* PROBLEM: Give the records again in full, exactly as they are.

•••••

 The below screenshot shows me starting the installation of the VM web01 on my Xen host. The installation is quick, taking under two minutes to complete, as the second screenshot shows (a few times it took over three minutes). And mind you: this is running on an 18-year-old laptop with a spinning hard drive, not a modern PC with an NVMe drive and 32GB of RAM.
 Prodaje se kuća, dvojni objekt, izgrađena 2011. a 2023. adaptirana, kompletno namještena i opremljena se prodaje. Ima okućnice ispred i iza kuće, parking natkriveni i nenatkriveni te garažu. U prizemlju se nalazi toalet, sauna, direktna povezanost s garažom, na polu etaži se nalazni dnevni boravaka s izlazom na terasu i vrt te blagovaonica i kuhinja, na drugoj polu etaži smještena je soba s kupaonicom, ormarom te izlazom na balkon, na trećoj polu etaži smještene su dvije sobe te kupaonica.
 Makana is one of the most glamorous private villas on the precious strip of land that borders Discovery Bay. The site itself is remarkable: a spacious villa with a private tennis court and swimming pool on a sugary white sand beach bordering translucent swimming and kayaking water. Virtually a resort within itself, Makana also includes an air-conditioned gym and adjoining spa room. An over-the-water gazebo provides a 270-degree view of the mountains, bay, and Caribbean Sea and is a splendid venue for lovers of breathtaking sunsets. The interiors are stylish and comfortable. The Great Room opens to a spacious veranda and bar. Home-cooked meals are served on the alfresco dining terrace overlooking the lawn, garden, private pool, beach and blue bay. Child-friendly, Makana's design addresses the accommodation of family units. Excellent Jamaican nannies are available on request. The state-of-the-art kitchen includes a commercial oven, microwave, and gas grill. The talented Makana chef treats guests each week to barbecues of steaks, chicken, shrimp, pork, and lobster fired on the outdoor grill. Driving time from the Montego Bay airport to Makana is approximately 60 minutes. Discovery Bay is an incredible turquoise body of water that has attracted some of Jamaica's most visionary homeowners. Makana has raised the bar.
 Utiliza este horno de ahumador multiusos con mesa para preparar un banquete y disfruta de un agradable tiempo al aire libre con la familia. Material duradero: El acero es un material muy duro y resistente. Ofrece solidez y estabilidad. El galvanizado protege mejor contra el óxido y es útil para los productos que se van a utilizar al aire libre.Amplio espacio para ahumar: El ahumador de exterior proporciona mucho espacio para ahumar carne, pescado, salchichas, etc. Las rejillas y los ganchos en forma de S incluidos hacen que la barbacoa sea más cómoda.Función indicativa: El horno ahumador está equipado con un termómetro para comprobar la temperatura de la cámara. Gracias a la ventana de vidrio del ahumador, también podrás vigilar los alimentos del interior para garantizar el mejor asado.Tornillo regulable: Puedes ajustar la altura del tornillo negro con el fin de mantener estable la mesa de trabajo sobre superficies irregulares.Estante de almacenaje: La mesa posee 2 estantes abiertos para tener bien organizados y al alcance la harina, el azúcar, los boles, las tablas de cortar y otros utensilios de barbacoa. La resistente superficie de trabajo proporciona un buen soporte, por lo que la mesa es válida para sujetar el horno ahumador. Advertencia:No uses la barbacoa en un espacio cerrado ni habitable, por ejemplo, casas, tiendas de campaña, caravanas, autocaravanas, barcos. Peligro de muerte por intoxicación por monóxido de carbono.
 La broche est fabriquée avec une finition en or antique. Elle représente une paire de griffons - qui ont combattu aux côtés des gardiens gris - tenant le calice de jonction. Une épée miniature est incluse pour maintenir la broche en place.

•••••

* SOLUTION FOR THIS EXERCISE:
 The below screenshot shows me starting the installation of the VM web01 on my Xen host. The installation is quick, taking under two minutes to complete, as the second screenshot shows (a few times it took over three minutes). And mind you: this is running on an 18-year-old laptop with a spinning hard drive, not a modern PC with an NVMe drive and 32GB of RAM.
 Prodaje se kuća, dvojni objekt, izgrađena 2011. a 2023. adaptirana, kompletno namještena i opremljena se prodaje. Ima okućnice ispred i iza kuće, parking natkriveni i nenatkriveni te garažu. U prizemlju se nalazi toalet, sauna, direktna povezanost s garažom, na polu etaži se nalazni dnevni boravaka s izlazom na terasu i vrt te blagovaonica i kuhinja, na drugoj polu etaži smještena je soba s kupaonicom, ormarom te izlazom na balkon, na trećoj polu etaži smještene su dvije sobe te kupaonica.
 Makana is one of the most glamorous private villas on the precious strip of land that borders Discovery Bay. The site itself is remarkable: a spacious villa with a private tennis court and swimming pool on a sugary white sand beach bordering translucent swimming and kayaking water. Virtually a resort within itself, Makana also includes an air-conditioned gym and adjoining spa room. An over-the-water gazebo provides a 270-degree view of the mountains, bay, and Caribbean Sea and is a splendid venue for lovers of breathtaking sunsets. The interiors are stylish and comfortable. The Great Room opens to a spacious veranda and bar. Home-cooked meals are served on the alfresco dining terrace overlooking the lawn, garden, private pool, beach and blue bay. Child-friendly, Makana's design addresses the accommodation of family units. Excellent Jamaican nannies are available on request. The state-of-the-art kitchen includes a commercial oven, microwave, and gas grill. The talented Makana chef treats guests each week to barbecues of steaks, chicken, shrimp, pork, and lobster fired on the outdoor grill. Driving time from the Montego Bay airport to Makana is approximately 60 minutes. Discovery Bay is an incredible turquoise body of water that has attracted some of Jamaica's most visionary homeowners. Makana has raised the bar.
 Utiliza este horno de ahumador multiusos con mesa para preparar un banquete y disfruta de un agradable tiempo al aire libre con la familia. Material duradero: El acero es un material muy duro y resistente. Ofrece solidez y estabilidad. El galvanizado protege mejor contra el óxido y es útil para los productos que se van a utilizar al aire libre.Amplio espacio para ahumar: El ahumador de exterior proporciona mucho espacio para ahumar carne, pescado, salchichas, etc. Las rejillas y los ganchos en forma de S incluidos hacen que la barbacoa sea más cómoda.Función indicativa: El horno ahumador está equipado con un termómetro para comprobar la temperatura de la cámara. Gracias a la ventana de vidrio del ahumador, también podrás vigilar los alimentos del interior para garantizar el mejor asado.Tornillo regulable: Puedes ajustar la altura del tornillo negro con el fin de mantener estable la mesa de trabajo sobre superficies irregulares.Estante de almacenaje: La mesa posee 2 estantes abiertos para tener bien organizados y al alcance la harina, el azúcar, los boles, las tablas de cortar y otros utensilios de barbacoa. La resistente superficie de trabajo proporciona un buen soporte, por lo que la mesa es válida para sujetar el horno ahumador. Advertencia:No uses la barbacoa en un espacio cerrado ni habitable, por ejemplo, casas, tiendas de campaña, caravanas, autocaravanas, barcos. Peligro de muerte por intoxicación por monóxido de carbono.
 La broche est fabriquée avec une finition en or antique. Elle représente une paire de griffons - qui ont combattu aux côtés des gardiens gris - tenant le calice de jonction. Une épée miniature est incluse pour maintenir la broche en place.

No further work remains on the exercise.